#### Supplied information
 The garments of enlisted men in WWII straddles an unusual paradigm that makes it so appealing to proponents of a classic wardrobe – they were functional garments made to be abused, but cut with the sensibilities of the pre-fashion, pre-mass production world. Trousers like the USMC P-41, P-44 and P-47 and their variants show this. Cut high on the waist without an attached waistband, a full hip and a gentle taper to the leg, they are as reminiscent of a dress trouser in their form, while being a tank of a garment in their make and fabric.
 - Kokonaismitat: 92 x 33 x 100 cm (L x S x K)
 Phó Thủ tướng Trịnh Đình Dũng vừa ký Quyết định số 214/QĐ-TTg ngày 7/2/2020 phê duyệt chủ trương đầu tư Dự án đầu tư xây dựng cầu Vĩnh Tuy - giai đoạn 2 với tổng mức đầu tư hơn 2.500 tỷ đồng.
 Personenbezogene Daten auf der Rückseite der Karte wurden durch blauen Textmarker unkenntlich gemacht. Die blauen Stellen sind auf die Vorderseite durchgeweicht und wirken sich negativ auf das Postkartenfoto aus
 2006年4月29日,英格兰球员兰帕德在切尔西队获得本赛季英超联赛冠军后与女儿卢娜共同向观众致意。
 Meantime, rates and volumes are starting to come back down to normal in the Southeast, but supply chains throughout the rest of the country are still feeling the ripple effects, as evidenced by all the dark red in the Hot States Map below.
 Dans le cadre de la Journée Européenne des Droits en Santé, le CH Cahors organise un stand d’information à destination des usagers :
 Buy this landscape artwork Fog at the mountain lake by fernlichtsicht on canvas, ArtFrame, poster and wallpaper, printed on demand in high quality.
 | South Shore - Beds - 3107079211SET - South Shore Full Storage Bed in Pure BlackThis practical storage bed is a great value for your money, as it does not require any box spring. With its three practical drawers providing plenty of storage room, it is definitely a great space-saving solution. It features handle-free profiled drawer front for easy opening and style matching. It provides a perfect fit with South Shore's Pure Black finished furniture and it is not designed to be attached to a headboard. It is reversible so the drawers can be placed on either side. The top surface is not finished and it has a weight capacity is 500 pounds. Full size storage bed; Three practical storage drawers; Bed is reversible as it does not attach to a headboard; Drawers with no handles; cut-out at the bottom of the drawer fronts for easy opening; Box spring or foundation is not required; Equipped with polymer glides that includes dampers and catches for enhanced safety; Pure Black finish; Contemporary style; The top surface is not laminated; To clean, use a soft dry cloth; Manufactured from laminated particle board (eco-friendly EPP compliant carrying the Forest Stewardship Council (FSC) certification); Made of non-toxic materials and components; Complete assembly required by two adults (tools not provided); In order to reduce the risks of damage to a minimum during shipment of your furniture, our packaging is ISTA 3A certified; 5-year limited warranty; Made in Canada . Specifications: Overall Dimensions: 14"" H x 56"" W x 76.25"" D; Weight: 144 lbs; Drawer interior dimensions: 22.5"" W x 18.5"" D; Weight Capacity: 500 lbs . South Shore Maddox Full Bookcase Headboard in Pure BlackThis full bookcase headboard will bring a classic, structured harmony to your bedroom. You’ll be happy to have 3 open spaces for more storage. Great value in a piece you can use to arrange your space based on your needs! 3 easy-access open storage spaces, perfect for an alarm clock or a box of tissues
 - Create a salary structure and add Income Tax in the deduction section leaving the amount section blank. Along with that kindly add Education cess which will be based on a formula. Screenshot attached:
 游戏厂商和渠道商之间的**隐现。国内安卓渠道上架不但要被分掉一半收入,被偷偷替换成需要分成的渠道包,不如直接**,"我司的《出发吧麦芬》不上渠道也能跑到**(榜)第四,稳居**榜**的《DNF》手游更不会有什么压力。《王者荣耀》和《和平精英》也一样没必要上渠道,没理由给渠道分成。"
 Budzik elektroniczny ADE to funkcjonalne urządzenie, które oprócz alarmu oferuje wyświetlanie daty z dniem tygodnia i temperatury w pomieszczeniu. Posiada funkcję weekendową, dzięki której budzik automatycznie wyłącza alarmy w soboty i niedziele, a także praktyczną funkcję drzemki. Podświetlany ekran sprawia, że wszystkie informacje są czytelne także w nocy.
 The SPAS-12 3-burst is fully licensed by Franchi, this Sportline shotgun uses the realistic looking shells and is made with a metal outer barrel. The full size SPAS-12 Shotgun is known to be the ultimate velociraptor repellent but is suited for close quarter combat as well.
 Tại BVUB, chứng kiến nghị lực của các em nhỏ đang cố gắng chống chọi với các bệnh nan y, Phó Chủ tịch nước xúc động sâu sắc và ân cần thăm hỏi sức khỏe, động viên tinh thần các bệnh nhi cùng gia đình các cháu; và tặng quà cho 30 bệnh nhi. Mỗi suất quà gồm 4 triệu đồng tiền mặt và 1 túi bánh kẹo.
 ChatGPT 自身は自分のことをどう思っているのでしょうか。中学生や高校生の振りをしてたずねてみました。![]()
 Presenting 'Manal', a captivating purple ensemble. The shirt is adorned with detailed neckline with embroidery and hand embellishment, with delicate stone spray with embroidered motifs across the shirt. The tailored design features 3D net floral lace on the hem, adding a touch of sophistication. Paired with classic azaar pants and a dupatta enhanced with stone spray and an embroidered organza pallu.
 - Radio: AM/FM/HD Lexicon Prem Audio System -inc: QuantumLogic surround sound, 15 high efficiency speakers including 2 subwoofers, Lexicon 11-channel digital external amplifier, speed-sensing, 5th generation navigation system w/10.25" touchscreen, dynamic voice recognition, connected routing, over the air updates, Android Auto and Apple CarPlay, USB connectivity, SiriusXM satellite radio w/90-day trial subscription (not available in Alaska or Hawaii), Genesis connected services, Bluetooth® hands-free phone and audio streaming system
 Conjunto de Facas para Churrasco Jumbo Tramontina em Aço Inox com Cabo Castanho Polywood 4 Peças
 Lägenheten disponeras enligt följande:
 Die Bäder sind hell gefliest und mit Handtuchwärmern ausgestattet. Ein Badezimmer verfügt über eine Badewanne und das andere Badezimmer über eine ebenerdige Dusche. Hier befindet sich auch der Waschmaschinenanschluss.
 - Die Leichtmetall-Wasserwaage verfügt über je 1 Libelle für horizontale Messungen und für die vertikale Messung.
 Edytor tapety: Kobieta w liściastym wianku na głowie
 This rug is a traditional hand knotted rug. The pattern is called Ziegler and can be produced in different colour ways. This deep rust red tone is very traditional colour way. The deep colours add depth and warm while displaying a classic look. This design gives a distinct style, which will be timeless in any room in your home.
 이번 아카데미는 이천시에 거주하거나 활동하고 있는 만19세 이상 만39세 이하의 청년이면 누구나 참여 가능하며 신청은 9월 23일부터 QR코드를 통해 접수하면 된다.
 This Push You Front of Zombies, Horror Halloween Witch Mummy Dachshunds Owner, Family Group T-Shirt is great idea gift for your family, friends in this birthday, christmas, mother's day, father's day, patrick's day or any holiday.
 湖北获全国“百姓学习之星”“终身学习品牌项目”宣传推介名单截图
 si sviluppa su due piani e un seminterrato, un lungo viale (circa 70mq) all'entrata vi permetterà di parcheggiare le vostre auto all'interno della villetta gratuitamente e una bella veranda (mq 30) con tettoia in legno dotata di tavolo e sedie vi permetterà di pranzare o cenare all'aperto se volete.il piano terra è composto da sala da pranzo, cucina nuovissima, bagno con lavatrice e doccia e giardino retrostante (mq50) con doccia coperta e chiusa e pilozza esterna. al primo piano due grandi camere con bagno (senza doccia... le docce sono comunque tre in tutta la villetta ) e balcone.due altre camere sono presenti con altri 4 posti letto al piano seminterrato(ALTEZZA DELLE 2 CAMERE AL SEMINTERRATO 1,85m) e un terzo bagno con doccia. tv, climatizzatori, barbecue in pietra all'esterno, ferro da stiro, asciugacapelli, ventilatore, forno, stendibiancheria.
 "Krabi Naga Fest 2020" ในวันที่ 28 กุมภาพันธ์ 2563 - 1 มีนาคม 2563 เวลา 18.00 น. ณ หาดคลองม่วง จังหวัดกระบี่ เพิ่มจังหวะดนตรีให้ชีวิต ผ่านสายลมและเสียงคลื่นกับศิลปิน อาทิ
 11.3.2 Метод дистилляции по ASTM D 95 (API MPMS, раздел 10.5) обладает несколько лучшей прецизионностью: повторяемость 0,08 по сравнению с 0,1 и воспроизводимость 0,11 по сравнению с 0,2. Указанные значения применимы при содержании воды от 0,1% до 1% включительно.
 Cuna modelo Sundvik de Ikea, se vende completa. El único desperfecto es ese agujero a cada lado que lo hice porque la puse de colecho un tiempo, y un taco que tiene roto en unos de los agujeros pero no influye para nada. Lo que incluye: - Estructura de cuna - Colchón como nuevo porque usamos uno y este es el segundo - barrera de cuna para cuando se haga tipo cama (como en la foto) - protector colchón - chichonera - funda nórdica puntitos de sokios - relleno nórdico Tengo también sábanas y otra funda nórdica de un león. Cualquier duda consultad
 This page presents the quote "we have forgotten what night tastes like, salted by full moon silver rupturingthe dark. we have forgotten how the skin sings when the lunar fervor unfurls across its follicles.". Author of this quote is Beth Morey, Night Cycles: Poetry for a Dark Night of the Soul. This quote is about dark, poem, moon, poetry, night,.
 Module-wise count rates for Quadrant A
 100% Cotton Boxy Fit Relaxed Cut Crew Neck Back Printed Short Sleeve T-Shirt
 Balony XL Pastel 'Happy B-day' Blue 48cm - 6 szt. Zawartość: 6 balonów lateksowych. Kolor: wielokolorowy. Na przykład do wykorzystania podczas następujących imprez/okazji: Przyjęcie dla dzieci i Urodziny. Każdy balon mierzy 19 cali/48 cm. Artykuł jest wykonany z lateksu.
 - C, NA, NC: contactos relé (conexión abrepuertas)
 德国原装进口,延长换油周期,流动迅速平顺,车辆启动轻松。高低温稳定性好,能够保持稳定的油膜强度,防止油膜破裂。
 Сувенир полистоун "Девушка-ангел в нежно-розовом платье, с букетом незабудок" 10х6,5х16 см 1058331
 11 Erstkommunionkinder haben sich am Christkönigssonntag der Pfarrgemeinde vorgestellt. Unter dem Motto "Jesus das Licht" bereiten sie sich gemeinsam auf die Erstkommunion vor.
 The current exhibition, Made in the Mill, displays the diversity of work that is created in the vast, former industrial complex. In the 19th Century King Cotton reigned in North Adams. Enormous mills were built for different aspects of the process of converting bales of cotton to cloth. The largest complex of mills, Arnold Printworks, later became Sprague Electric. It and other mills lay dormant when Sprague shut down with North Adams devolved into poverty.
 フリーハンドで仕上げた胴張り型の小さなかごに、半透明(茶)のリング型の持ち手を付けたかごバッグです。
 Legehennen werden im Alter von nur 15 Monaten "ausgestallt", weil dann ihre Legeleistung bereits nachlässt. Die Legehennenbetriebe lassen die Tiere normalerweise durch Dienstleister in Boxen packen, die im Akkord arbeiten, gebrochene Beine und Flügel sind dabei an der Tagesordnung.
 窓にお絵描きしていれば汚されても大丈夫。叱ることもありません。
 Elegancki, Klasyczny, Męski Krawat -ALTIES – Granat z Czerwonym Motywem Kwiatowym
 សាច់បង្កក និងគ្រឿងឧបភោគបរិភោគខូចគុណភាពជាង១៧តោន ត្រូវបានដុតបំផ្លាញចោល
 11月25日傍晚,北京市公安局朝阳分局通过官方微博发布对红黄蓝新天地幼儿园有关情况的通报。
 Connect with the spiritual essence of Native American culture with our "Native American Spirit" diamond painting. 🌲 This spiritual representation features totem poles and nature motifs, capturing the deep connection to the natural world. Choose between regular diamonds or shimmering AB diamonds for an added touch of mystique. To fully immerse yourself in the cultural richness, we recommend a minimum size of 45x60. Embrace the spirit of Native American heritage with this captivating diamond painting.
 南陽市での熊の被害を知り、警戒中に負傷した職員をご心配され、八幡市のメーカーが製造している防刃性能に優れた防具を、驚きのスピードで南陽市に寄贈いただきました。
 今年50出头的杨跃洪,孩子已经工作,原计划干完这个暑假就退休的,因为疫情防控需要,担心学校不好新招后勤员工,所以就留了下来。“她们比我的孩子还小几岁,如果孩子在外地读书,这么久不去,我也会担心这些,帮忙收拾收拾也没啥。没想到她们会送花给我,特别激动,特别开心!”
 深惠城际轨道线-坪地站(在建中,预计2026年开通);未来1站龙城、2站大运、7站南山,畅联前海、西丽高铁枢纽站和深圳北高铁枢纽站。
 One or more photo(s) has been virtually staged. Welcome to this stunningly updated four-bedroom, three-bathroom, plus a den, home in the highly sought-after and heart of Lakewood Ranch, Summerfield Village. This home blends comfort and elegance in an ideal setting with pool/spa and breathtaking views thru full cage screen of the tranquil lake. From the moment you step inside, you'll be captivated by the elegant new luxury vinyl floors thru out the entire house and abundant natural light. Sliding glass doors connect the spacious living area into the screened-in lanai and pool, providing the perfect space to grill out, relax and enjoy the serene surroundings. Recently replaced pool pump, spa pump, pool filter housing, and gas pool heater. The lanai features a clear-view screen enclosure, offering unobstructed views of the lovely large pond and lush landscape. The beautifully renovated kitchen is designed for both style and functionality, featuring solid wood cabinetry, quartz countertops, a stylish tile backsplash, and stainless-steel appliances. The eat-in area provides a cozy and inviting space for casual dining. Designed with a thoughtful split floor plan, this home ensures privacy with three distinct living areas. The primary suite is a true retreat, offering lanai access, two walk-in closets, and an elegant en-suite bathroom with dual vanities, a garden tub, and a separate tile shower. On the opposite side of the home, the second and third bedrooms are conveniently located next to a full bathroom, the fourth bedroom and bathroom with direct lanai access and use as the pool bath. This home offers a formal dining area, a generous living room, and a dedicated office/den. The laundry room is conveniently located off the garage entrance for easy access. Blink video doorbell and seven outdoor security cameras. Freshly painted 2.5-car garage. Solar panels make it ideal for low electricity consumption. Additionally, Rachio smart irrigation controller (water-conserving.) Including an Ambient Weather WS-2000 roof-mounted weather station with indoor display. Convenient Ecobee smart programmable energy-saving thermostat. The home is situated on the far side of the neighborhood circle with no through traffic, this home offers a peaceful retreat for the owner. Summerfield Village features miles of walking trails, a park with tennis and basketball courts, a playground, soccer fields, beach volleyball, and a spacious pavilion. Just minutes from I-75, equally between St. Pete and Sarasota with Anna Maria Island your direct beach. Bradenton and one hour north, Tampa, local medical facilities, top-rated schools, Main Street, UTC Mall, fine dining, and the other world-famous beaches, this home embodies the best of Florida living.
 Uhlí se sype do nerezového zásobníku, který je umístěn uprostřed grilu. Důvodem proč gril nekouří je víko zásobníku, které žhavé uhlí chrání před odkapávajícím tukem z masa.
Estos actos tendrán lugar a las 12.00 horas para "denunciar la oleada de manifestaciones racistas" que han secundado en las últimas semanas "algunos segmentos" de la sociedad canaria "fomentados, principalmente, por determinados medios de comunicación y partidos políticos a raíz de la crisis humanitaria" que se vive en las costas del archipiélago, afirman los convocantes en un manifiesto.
########
**What you have to do**: Work out how many lines in the entries hold the string "Cotton". Your answer should consist solely of that number.

**Answer to the exercise**: 2